Beginning with the line that holds "- Aluminum mill" and ending with the last line of the entries below, copy every line exactly and nothing else, with the pictures left out.

--------

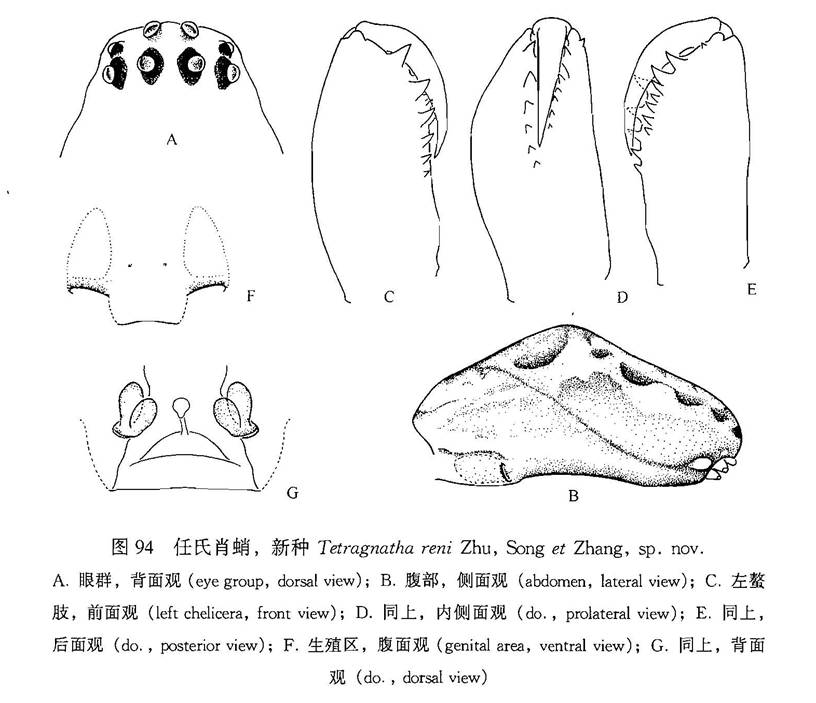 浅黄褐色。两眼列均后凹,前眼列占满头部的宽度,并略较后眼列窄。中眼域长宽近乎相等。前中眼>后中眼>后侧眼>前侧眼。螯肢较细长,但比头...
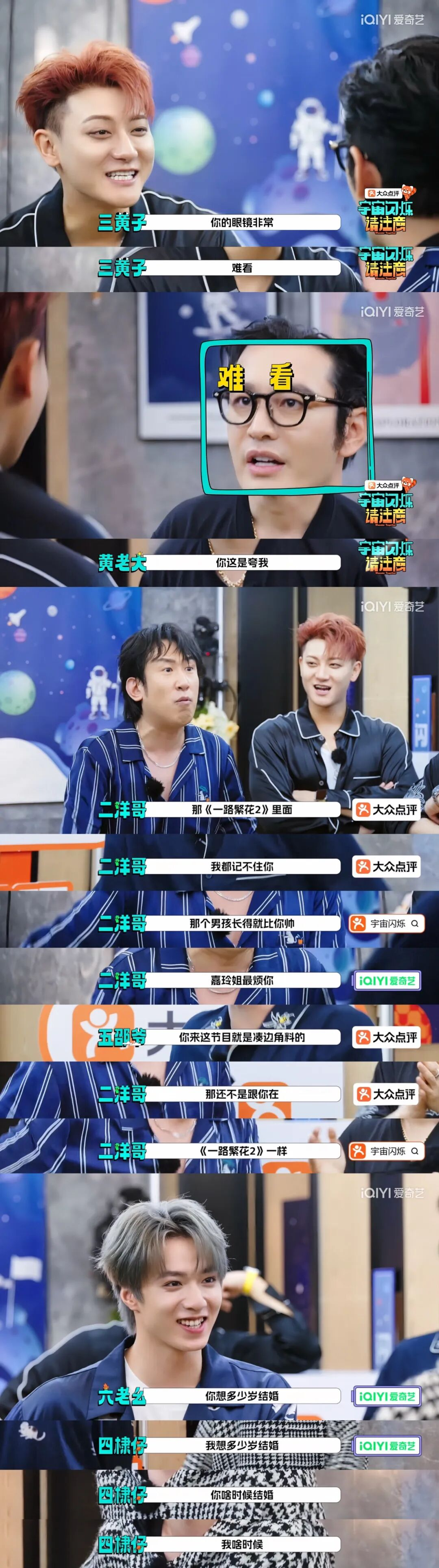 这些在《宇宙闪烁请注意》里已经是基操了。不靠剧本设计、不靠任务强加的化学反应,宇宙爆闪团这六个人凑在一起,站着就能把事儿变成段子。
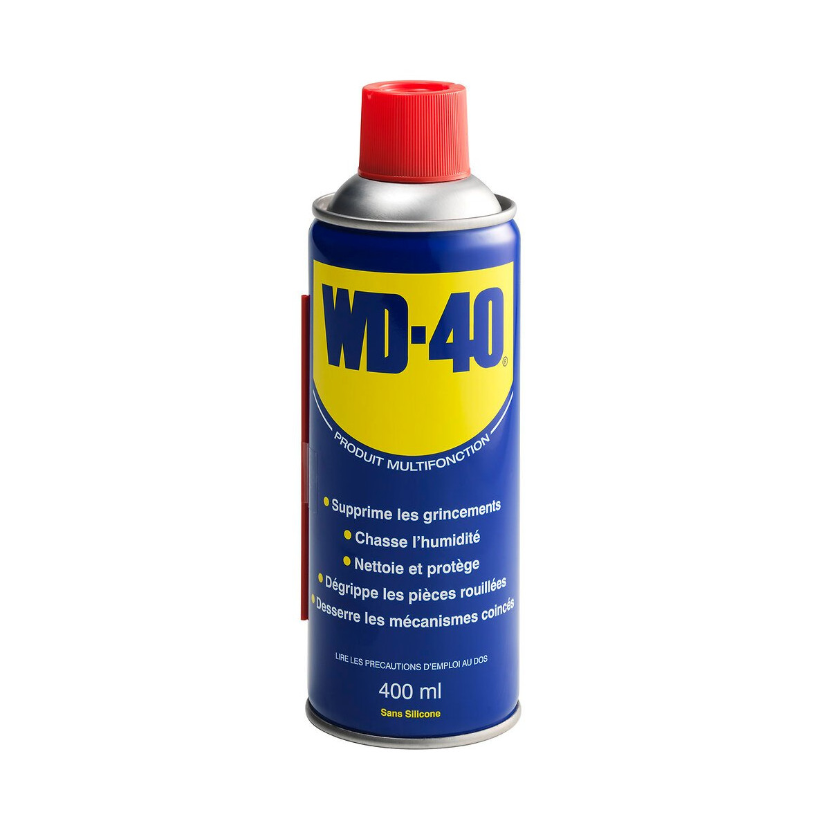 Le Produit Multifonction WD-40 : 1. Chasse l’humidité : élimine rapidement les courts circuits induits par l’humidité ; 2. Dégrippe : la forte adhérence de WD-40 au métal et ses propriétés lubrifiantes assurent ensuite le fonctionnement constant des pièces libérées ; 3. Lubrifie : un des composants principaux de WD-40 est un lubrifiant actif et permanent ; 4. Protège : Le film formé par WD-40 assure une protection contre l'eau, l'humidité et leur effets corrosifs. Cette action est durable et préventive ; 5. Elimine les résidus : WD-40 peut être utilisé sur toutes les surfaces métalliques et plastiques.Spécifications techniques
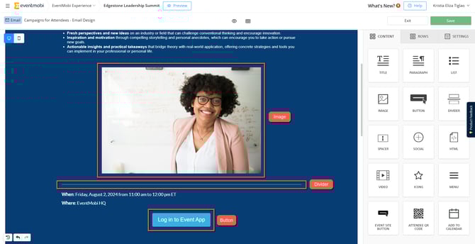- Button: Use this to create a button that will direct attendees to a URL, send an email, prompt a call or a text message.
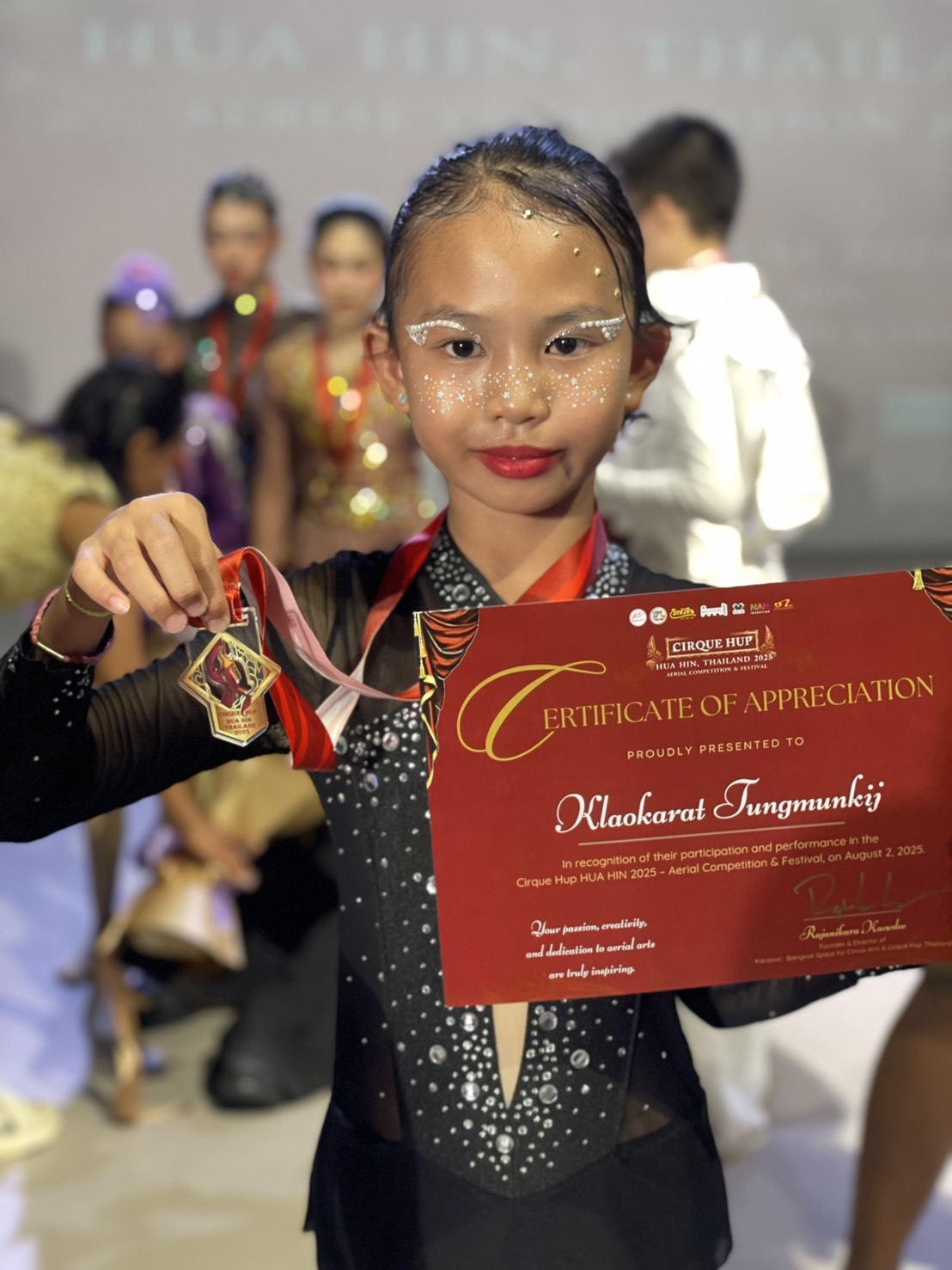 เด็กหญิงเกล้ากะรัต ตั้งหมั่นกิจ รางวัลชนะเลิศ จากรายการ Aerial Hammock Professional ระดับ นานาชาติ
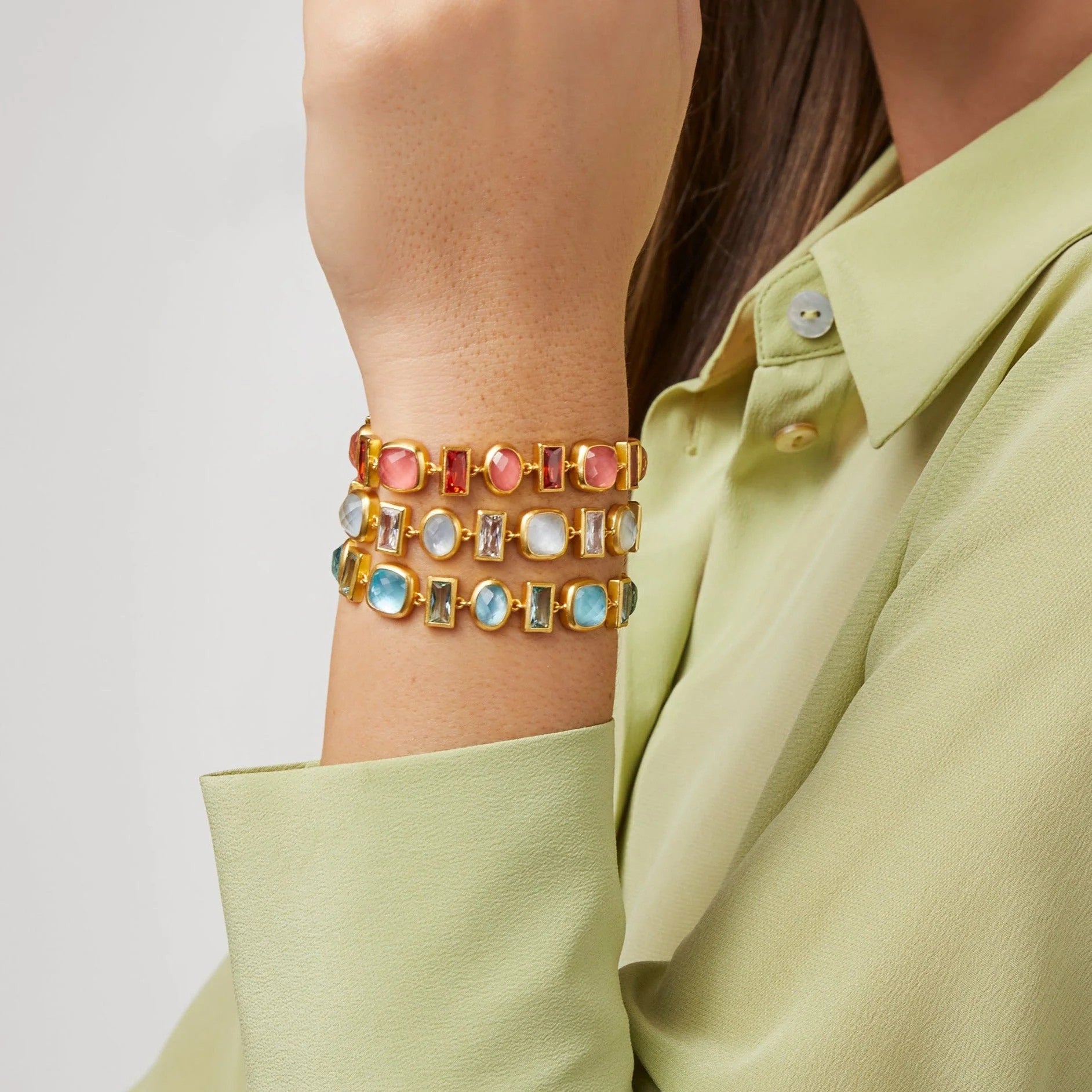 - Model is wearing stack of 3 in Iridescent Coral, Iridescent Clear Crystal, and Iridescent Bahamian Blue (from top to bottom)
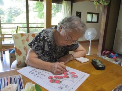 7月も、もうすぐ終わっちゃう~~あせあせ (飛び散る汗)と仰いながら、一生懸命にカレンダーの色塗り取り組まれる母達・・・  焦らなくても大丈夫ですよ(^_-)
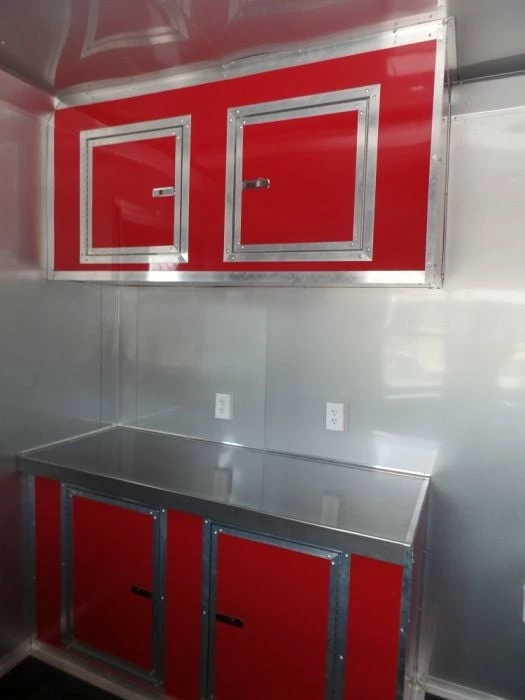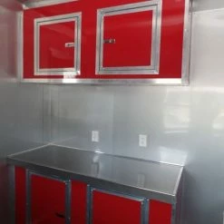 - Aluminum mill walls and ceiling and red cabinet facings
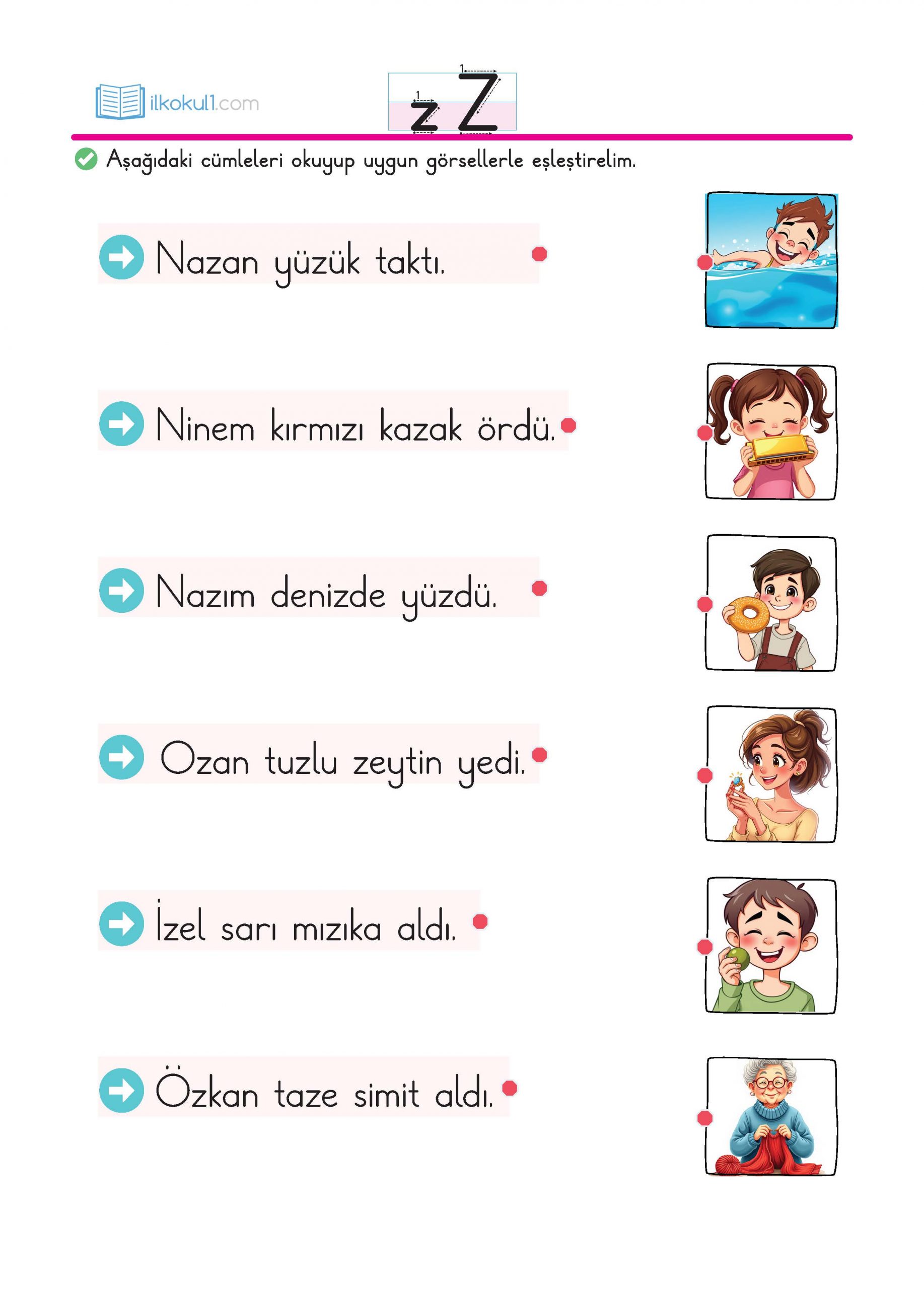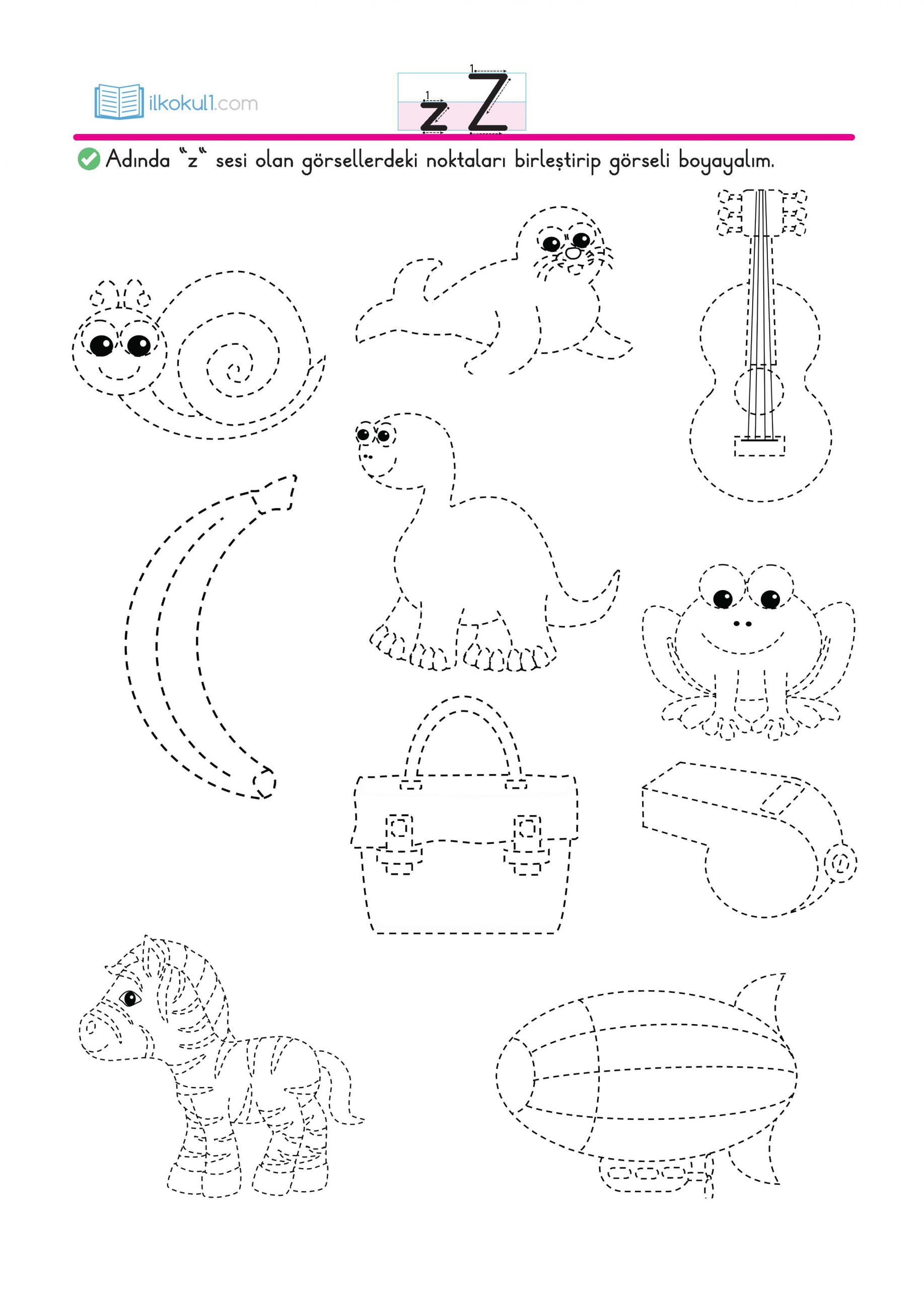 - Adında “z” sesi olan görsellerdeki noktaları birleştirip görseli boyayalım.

--------

• Finished task:
 - Aluminum mill walls and ceiling and red cabinet facings
 - Adında “z” sesi olan görsellerdeki noktaları birleştirip görseli boyayalım.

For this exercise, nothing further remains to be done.